In the photo: two quite adequate representatives of tiny flash drives for 8GB and 16GB

What is the matter? Is the flash memory resource endless? Let's try to figure it out.

How it was

The FreeNAS-based system worked well for an average of two months. Then they stopped receiving daily reports via email, the web-based administrator interface fell behind them. But the server did not give up so easily: SSH worked, and the network folder services for users bravely kept to the last, continuing to serve Business. Commendable resilience.
Until the access via SSH fell off, I found a problem page (python script), where I saw quite clearly the replacement of individual letters in the text , in search of the reasons for the failure of the web interface. It is difficult to describe in words, but as if at strictly equal intervals of characters the programmer's finger fell between the keys. Then the programmer seemed to move out of the coils completely, or in a panic he pulled out his own stuck finger from the keyboard, but the meaningful script broke off and turned into a random set of bytes. Is bit flip? It turned out that other users had a very similar picture . The flash drive refilling took place without a single error, hid the defect, and many hours of testing with the utility. Michael did not reveal any errors. Well, just the perfect flash drive. The most annoying thing is that I wiped out a sample of corrupted data, which I regret very much. Devilry some.

Who is guilty?

Immediately, I’ll make a reservation that I haven’t yet managed to find an engineering confirmed answer to question No. 1 of the Russian intelligentsia . But I want to dispel some myths and explain the role of the notorious human factor. At least, my problem has a solution, and I give it further.

What is a flash drive

This topic was well developed by the popularizer and author Habr Tiberius in the article Inside Look: Flash Memory and RAM . Who has not read - this is really a look from the inside, bravo! I will try to set out in a compact way from a different angle. There are less invasive ways to get inside the flash drive, see, for example, the resource http://flashboot.ru/iflash/ .
So, a modern household flash drive is a tiny computer, with its own processor (microcontroller), a small amount of RAM and ROM, data buses, I / O interface and, in fact, NAND flash memory, usually on separate chips.
The microcontroller communicates with the host via the USB bus, reads, erases, writes blocks (“sectors”), can calculate checksums of the blocks, controls the wear of its NAND chip economy (see wear leveling ) and do a lot of other things that we are mortals, and close have no idea.

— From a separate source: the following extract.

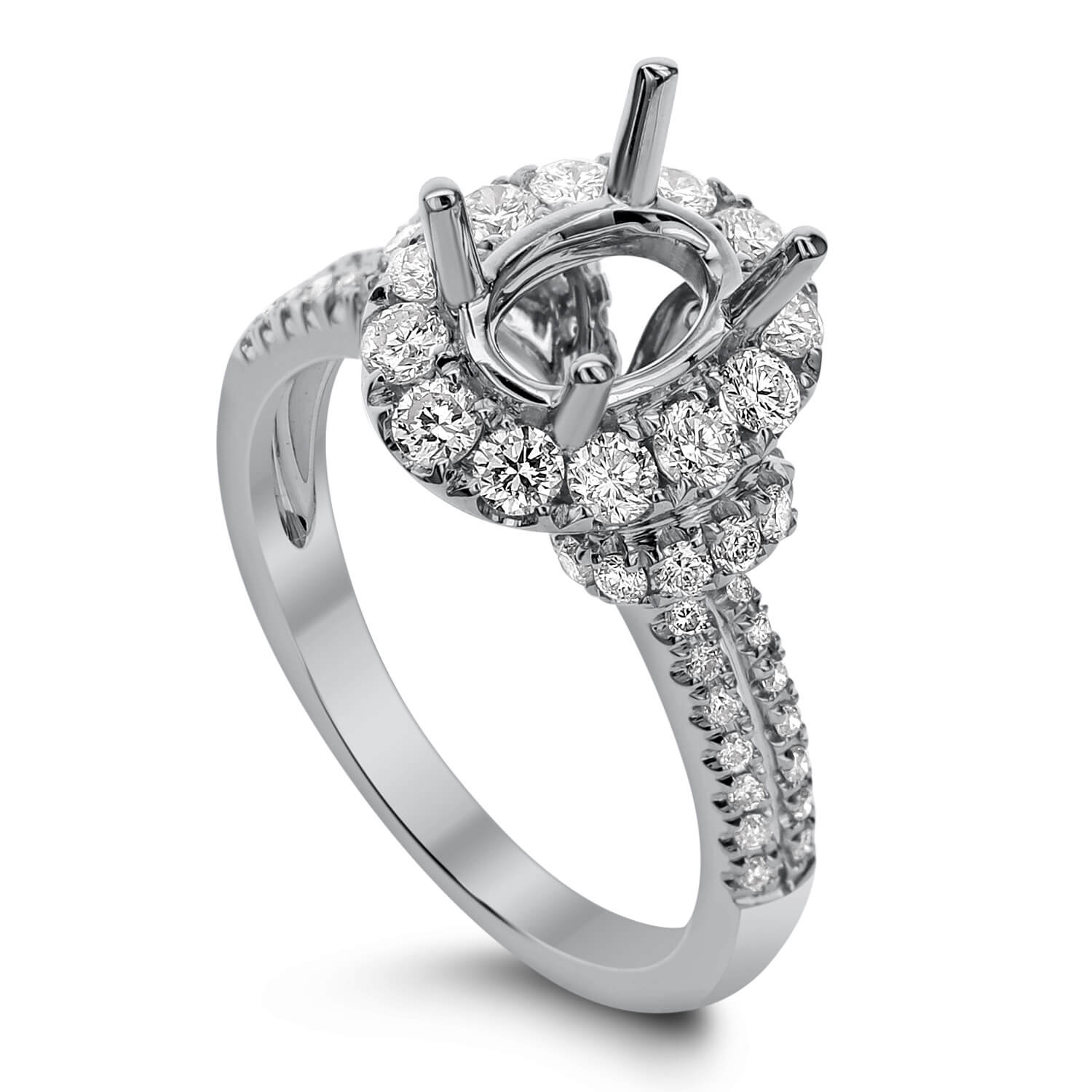 This Diamond Engagement Ring significantly showcases a bizarrely sparkling oval shaped diamond set in the center accentuated with small amazing stones studded in a classic prong setting on each side of the flimsy and gorgeous split style ring shank offering you a flawless appeal. Our 1.68 CT Halo Diamond Semi Mount Oval Ring piece is everyone’s first choice.

What makes the manufacturer of flash drives

In my opinion, this is a very simple question: the manufacturer assembles the “computer” described above from the components, prepares software (microcontroller firmware), puts its brand (brand) on the finished product and sells it on the market. The reliability of the flash drive depends on the quality of the components and on the firmware. Sometimes used components of its own production, sometimes - third-party (there are very large plants). Firm brooms do not knit, as they said once. But the company values ​​its reputation very much, and therefore it checks the brooms of the microcircuit.
There is a widespread version that manufacturers of microcircuits (components) divide manufactured products of the same type into different quality classes, called “baskets” in the jargon. Conditionally for developed markets and conditional for all others. Or for business and consumer use. Or somehow, but it is very important for the consumer (both at home and business) that the product of the same vendor with the same code does not necessarily mean the same "insides". Therefore, buying e-bikes on eBay (listen carefully) at half price is the risk of getting goods with chips for Third World markets, despite the complete coincidence of all outdoor codes. At least, this opinion is shared by local electric power vendors who have to compete with global online commerce.

What happens to flash memory

This topic was opened by user alexzeynikov in his article A brief excursion into the history of flash memory , you can also see the translated post 2007. RAM, ROM, NAND, NOR - what do these capital letters mean ?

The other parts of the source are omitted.